Records from a data collection
%%
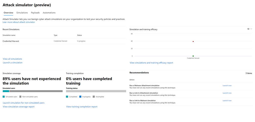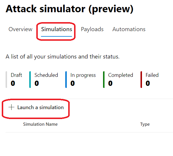 To launch one of these simulation, connect to your Office 365 Security Center (https://security.microsoft.com/) and access the Attack simulator blade
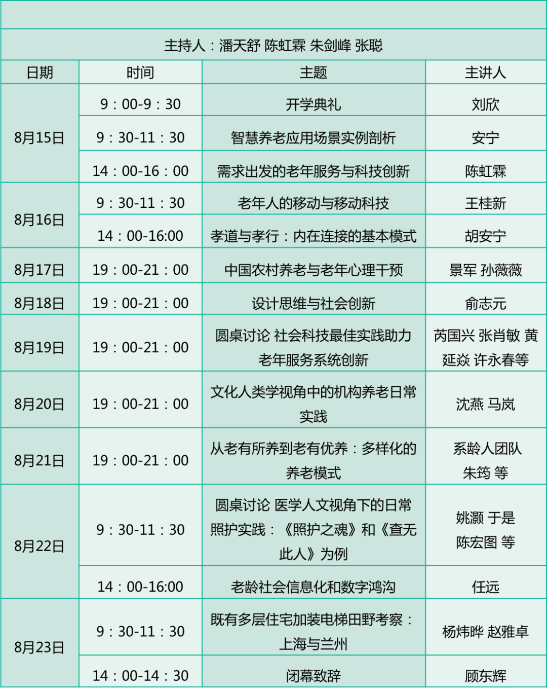 在秉承2018年和2019年课程内容多学科和跨界多元特色的基础上,本年度暑期学校将聚焦“社会科技”(social technology)和老年照护实践,通过借鉴田野民族志的洞见,以自下而上的路径,积极收集大量信息,以了解老年人的需求、生活状况以及他们的文化历史背景,从而得以指导技术创新,并以伦理和人文标准衡量技术创新,与老年人的社会和文化系统相连接,使技术成为复杂的动态的社会服务系统的有机组成部分,为增进社会凝聚力和社会融合做出贡献。课程内容涵盖全球化和地方转型语境中所呈现的核心议题,如:科技与普通老年人日常生活实践和社会发展的关系、适老科技产品和科技理念在老年服务以及照护实践中的前沿应用、积极老龄化与社会创新、适老科技与人文价值、社会福利中的信息技术战略、突发公共卫生事件与老龄社区护理服务维持机制、网络社区和网络咨询的问题和前景、田野研究方法与策略等等,力图描述出充分体现当代医学人类学和相关学科公共性、前瞻性和植根性的路线图。自2017年3月起复旦大学与清华大学、哈佛大学等海内外高校的人类学教师研究团队与江苏产业技术研究院以多种方式,开展以适老科技和社会发展为核心议题的跨学科的教研研究,为本年度的暑期学校提供了坚实的学术支持。受疫情影响,今年暑校的授课将尝试以线上教学模式,为修课学生提供与教学研究人员、社区工作者、养老机构负责人、工程师和作家等不同领域的专家进行网上交流互动的机会。
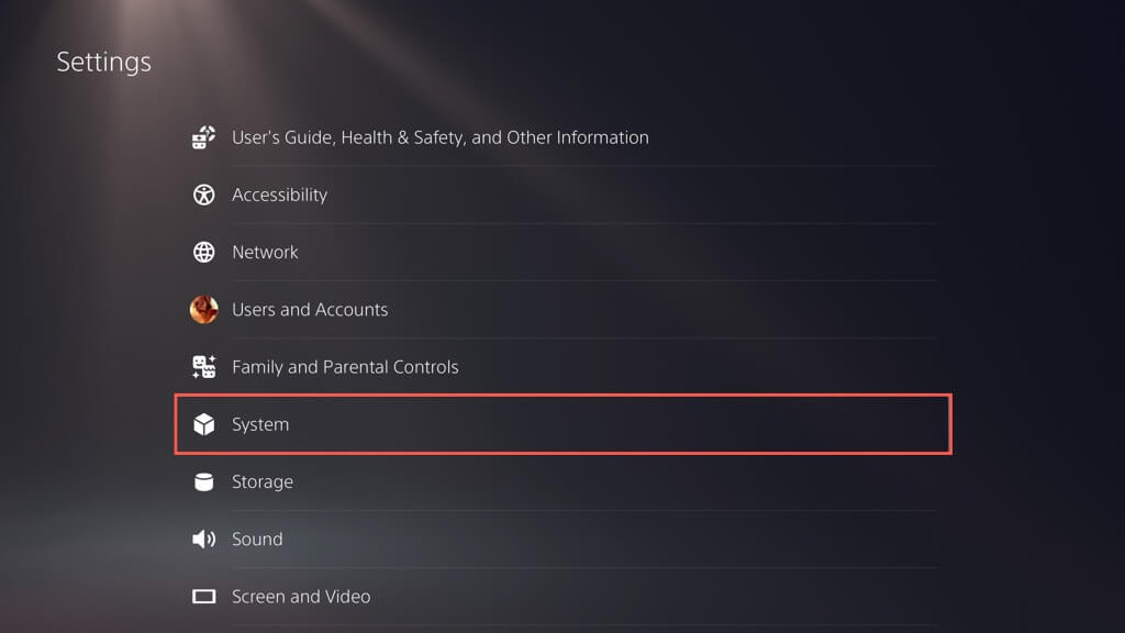- ΕπιλέγωΡυθμίσειςΣτην επάνω δεξιά γωνία της αρχικής οθόνης του PS5.
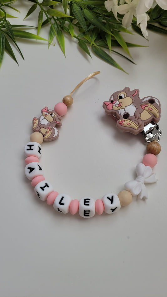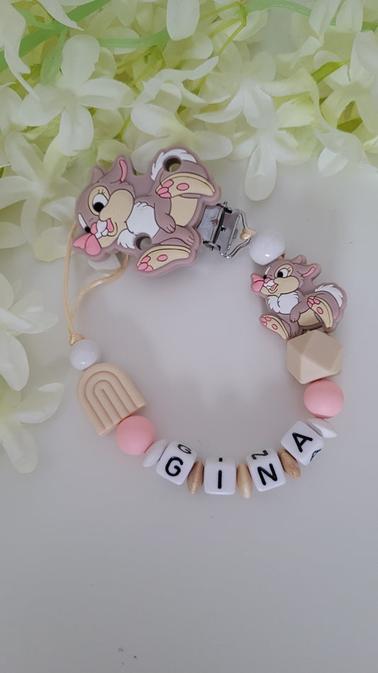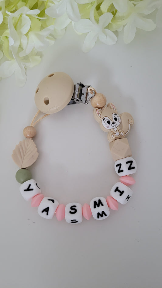Kinderwagenkette & Schnullerkette *Eichhörnchen* rosa beige
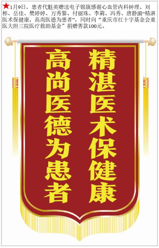 患者代魁英赠送电子锦旗感谢心血管内科钟理等,并向医疗救助基金捐赠善款100元。
%%
Your goal
Return exactly the lines that begin with the one containing "Kinderwagenkette & Schnullerkette" and end with the final line of the data above; include no pictures.

Exercise answer
Kinderwagenkette & Schnullerkette *Eichhörnchen* rosa beige
 患者代魁英赠送电子锦旗感谢心血管内科钟理等,并向医疗救助基金捐赠善款100元。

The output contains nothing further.